2018-03-12 / Columns


Getting a good night’s sleep is very important
KLONIE JORDAN — Executive Editor

I like to think that I’m a reasonably intelligent fellow, that I can pretty much figure things out.

Oh, I might get tricked every now and again, especially when I’m sleepy. If I’m sleepy, as in “I haven’t slept for 36 or more hours,” it’s entirely possible that you could pull a fast one over on me, or I might, unbeknownst to me, pull a fast one over on myself.

For example, one night last summer as I was getting ready for bed, Jordie, my wire-haired terrier, wanted to go outside. It was late and I was so tired I could barely stand up, but I managed to stagger over to the door, open it and let him out. I couldn’t go to bed until he came back in and I was in no condition to stand there for 15 or 20 minutes while he barked at squirrels or sniffed around on the ground for whatever dogs sniff around on the ground for (I’m hoping it’s gold and that one day he will sniff out a huge vein of it in my back yard and come back into the house with a large nugget in his mouth, drop it at my feet and we move into the 10-bedroom, 11-bath mansion the next week. I don’t need a house that big but I would buy it anyway so folks will look at it and go, “Wow, that fellow who lives there must be somebody important,” which won’t be true because that fellow who lives there actually would have just been waiting at the door one night when his dog fetched some gold).

Anyway, Jordie was out there lost in his canine exploits and I was leaning against the doorframe looking like a cast member of The Walking Dead.

It was pretty evident that what I needed to do in this particular instance was just sit down. I mean, come on, there was a sofa and a love seat right there behind me, but instead, for some reason I stepped out onto the patio and noticed it was pretty warm outside. There was a metal patio chair there; the kind that reclines, so I slid that bad boy back into near-horizontal position and stretched out on it, this even though there were no cushions or other form of padding on the chair.

“I’ll just stretch out here for a minute or two until he comes back to the door,” I told myself.

That’s the last thing I remember before I woke up and discovered it was no longer dark outside. The sun was shining and the sounds of morning were all around me. I wasn’t quite sure yet if this was a dream or if there had been some form of physical confrontation, perhaps with aliens.

I slowly started moving around and began to recognize the surroundings. I checked all my joints and limbs and nothing was broken. If there had been a struggle, I had prevailed. Take that, you aliens.

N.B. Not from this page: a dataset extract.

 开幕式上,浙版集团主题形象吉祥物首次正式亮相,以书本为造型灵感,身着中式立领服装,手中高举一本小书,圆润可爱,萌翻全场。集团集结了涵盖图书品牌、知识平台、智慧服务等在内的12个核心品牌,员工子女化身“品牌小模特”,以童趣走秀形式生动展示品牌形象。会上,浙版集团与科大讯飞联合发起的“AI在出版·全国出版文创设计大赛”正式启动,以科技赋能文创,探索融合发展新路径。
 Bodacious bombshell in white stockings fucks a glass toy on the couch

My stirring woke up Jordie, who has curled up against my back. He responded with his patented half-whimper that he usually incorporates to greet the mornings. He’s like me. He’s not a morning person either; or in this case a “morning dog.”

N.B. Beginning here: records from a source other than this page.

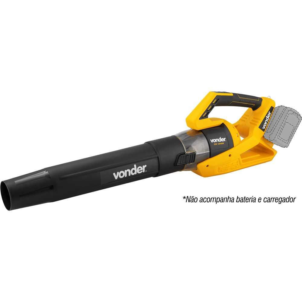 Indicado para soprar folhas, grama cortada, serragem de madeira e outros resíduos leves que estejam em pisos, terrenos, calçadas, jardins e outras áreas residenciais. Pode ser usado também para secagem de superfícies lisas que estejam com água. Funcionamento apenas com duas baterias (utilizar baterias de mesma capacidade (Ah)). Não acompanha bateria e carregador. BATERIAS INDICADAS: (4 Ah) IBV 1804 - 60.04.180.400 (5 Ah) IBV 1850 - 60.04.185.000 (8 Ah) IBV 1880 - 60.04.188.000 CARREGADORES INDICADOS: Carregamento convencional ICBV 1805 - 60.04.180.500 Carregamento convencional duplo ICBV 1841- 60.04.184.100 Carregamento rápido ICBV 1806 - 60.04.180.600 Carregamento rápido duplo ICBV 1842 - 60.04.184.200 Carregador inteligente ICBV 1849 - 60.04.184.900 Carregador convencional com conector automotivo 12 V ICBV 1843 - 60.04.184.300. Este equipamento utiliza um modelo de bateria que pode ser intercambiável (não acompanha), ou seja, uma bateria que é compatível com outros modelos de ferramentas a bateria VONDER. Por isso, em sua próxima compra de ferramenta a bateria VONDER, procure um modelo que comece com a referência “I”, ou que esteja identificado com o selo “Bateria Intercambiável VONDER”. Desta forma, você garante modelos mais econômicos, sem a necessidade de aquisição de novas baterias e carregadores para uso em seu equipamento. Robusto, potente e eficiente, possui punho emborrachado com formato ergonômico, proporcionando maior conforto na operação. Conta ainda com painel controlador, com 4 ajustes de velocidade e LEDs indicadores de nível de velocidade e de carga de cada bateria. Possui ainda, função TURBO, a qual potencializa ainda mais o volume e velocidade de ar. Além de motor Brushless (sem escova de carvão), que garante maior durabilidade, resistência e desempenho. Suas 2 baterias (não acompanham), proporcionam maior autonomia de trabalho se comparado aos modelos tradicionais com apenas 1 bateria. Modelo: ISV 1846B | Velocidade do ar: Nível 1: 90 km/h; Nível 2: 108 km/h; Nível 3: 133 km/h; Nível 4: 151 km/h; TURBO: 208 km/h | Volume de saída de ar.: Nível 1: 396 m³/h; Nível 2: 444 m³/h; Nível 3: 528 m³/h; Nível 4: 600 m³/h; TURBO: 828 m³/h | Rotação - rpm: Máx: 23.000/min | Nível de ruído (dB(A)): 102 dB(A) | Massa aproximada (peso) (kg): 2,1 kg
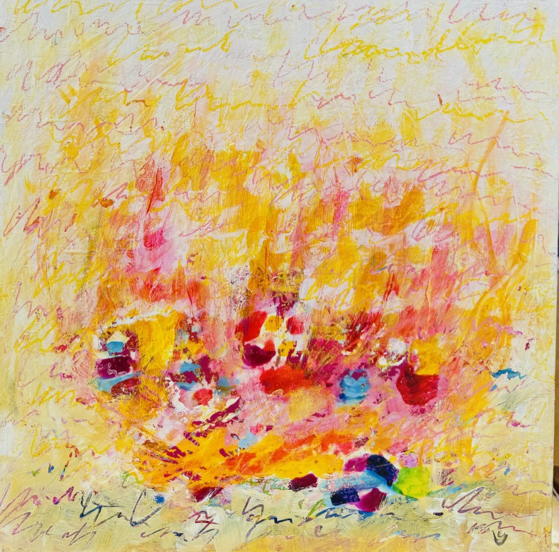 "Fire of Emotions" Mischtechnik (Acrylfarben, Kreiden, Acryltuschen) 40 x 40 cm
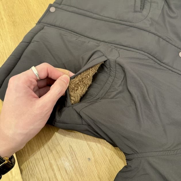 お子様にポケットに手を入れるのを推奨は出来ませんが、手を入れても暖かくちょっとした嬉しいポイントです。
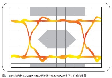 TE電路保護的0.25pFPESD保護器件在3.4GHz速率下運行時的眼圖表現(xiàn)如圖2所示。

As my thought patterns and memory synapses began to energize, I suddenly became aware that I had spent the night out there on that cushion-less piece of patio furniture.

“Wow,” I said to myself, “I must have really been out of it.”

What’s the reason for this mind-numbing, boring, seemingly pointless story, you ask?

Well, first of all, if you’ve read this far, thank you so much. And second of all, when I came to that new 3-way stop at Pacolet Highway and Oneal Street the other morning, I couldn’t help but remember how tired I was on the night I’ve just described. I began to try and figure out what in the world went wrong when someone or perhaps a group of persons decided it would be a grand idea to make that a 3-way stop.

Actually, I didn’t begin to try and figure it out on that day. The fact is I’ve been trying to figure it out since the first day I learned of it. Remember when I said I thought I was a relatively intelligent fellow who could figure things out? Well, this is one that I can’t.

The best I can figure is that when they (whoever “they” are) met and decided to make this traffic change, they must have been extremely tired, perhaps even to the point of exhaustion, much like my fatigue factor was the night I slept on the patio chair. They needed to make a decision and, in their heavily sleepy condition, this is the best they could come up with.

It’s the only thing that makes sense to me. So the moral of this story, if it has one, is to make sure you get a good night’s sleep every night, or at least make sure your patio furniture has cushions on them.